### DATASET EXTRACT ###

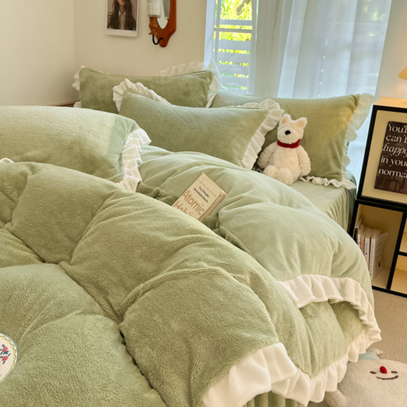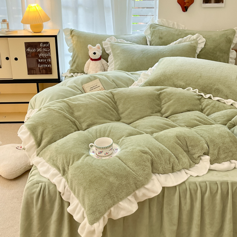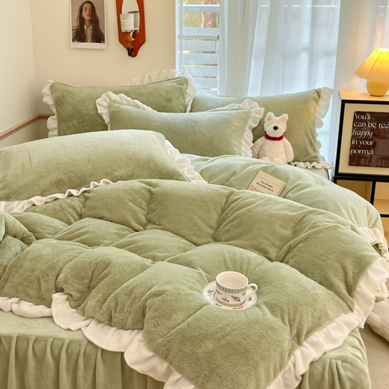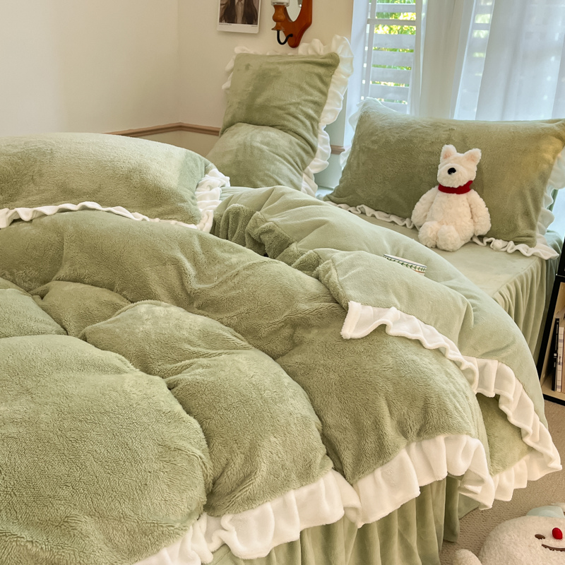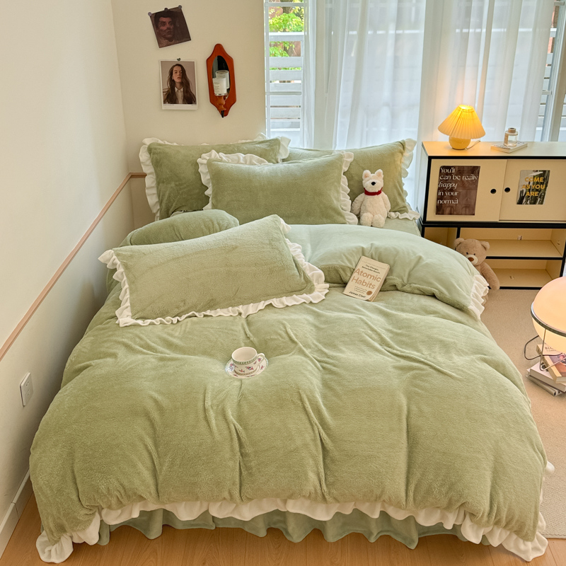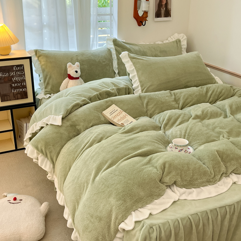 星座家纺 2025新款牛奶绒花边床裙款四件套 床裙款-淡雅绿
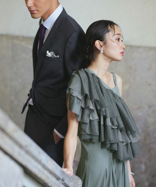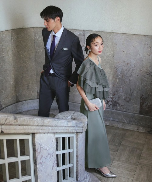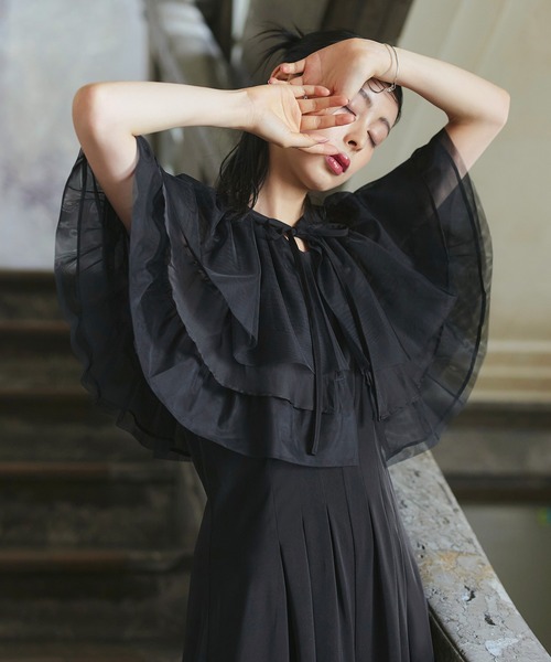 RUIRUE BOUTIQUE パンツドレス オケージョンドレス 結婚式 マルチway | レイヤードシアーケープ&フレア セットアップ パーティードレス ワンピー
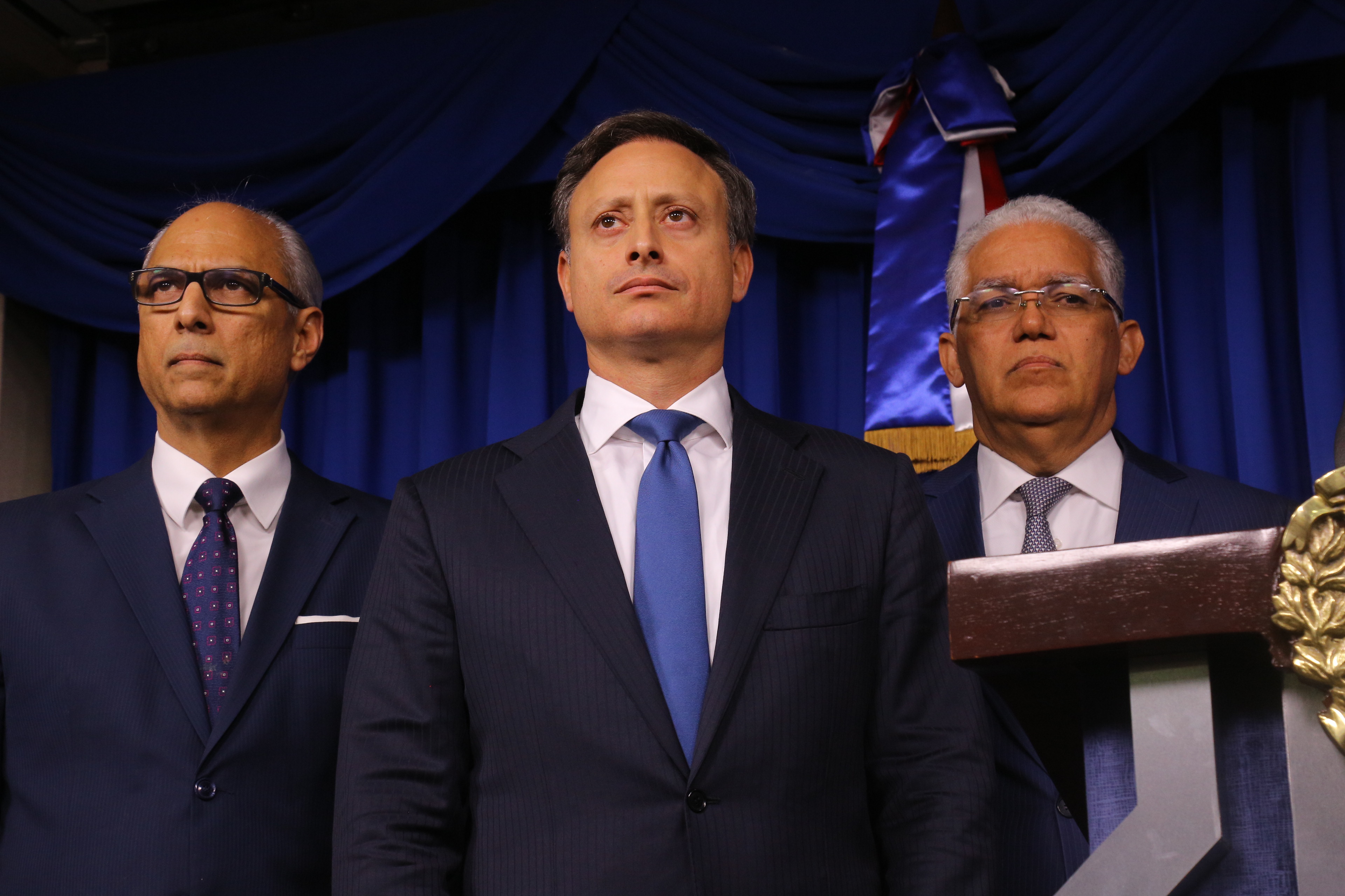 Dr. Flavio Darío Espinal, consultor jurídico del Poder Ejecutivo; Jean Alain Rodríguez, procurador general de la República, y el juez de la Suprema Corte de Justicia (SCJ) y secretario del CNM, Frank Soto, durante rueda de prensa en el Salón Orlando Martínez del Palacio Nacional.

###

#### [TRY IT]
Write the data out again word for word; leave the pictures behind.

#### [ANSWER SPACE]
 星座家纺 2025新款牛奶绒花边床裙款四件套 床裙款-淡雅绿
 RUIRUE BOUTIQUE パンツドレス オケージョンドレス 結婚式 マルチway | レイヤードシアーケープ&フレア セットアップ パーティードレス ワンピー
 Dr. Flavio Darío Espinal, consultor jurídico del Poder Ejecutivo; Jean Alain Rodríguez, procurador general de la República, y el juez de la Suprema Corte de Justicia (SCJ) y secretario del CNM, Frank Soto, durante rueda de prensa en el Salón Orlando Martínez del Palacio Nacional.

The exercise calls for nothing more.